[EXERCISE DETAILS]:
As the answer, return precisely the lines from the one containing "Powder coated steel" to the final line of the material below, inclusive, and omit every picture.

[THE DATA]:
########

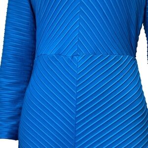 NEW!!! Blending exquisitely designed, unique, meticulously crafted clothing with elegance and comfort, this Heydari dress does not disappoint. Crafted in a light weight soft gorgeous blue stretch textured knit featuring a unique play of multi directional textured stripes, cowl neck, side seam pockets, pull-over styling and an easy shaped fit that flows into a lantern shaped hem. So chic, so avant-garde, so unique.
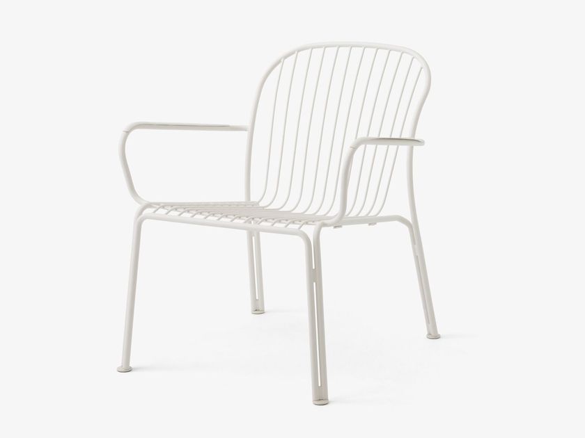 Powder coated steel low lounge chair with armrests
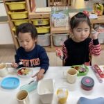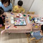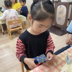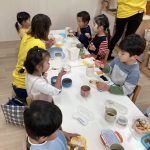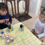 大きいお友だちは、ツリーの土台に色紙などを貼ります
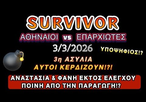 SURVIVOR SPOILER 3/3/2026 ΑΣΥΛΙΑ ΑΥΤΟΙ ΚΕΡΔΙΖΟΥΝ!?! 3ος ΥΠΟΨΗΦΙΟΣ!? ΦΑΝΗ ΚΑΙ ΑΝΑΣΤΑΣΙΑ ΕΚΤΟΣ ΕΛΕΓΧΟΥ … #SURVIVOR #SPOILER #ΑΣΥΛΙΑ #ΑΥΤΟΙ #ΚΕΡΔΙΖΟΥΝ #3ος #ΥΠΟΨΗΦΙΟΣ #ΦΑΝΗ #ΚΑΙ #ΑΝΑΣΤΑΣΙΑ...

########

[OUTPUT OF THE EXERCISE]:
 Powder coated steel low lounge chair with armrests
 大きいお友だちは、ツリーの土台に色紙などを貼ります
 SURVIVOR SPOILER 3/3/2026 ΑΣΥΛΙΑ ΑΥΤΟΙ ΚΕΡΔΙΖΟΥΝ!?! 3ος ΥΠΟΨΗΦΙΟΣ!? ΦΑΝΗ ΚΑΙ ΑΝΑΣΤΑΣΙΑ ΕΚΤΟΣ ΕΛΕΓΧΟΥ … #SURVIVOR #SPOILER #ΑΣΥΛΙΑ #ΑΥΤΟΙ #ΚΕΡΔΙΖΟΥΝ #3ος #ΥΠΟΨΗΦΙΟΣ #ΦΑΝΗ #ΚΑΙ #ΑΝΑΣΤΑΣΙΑ...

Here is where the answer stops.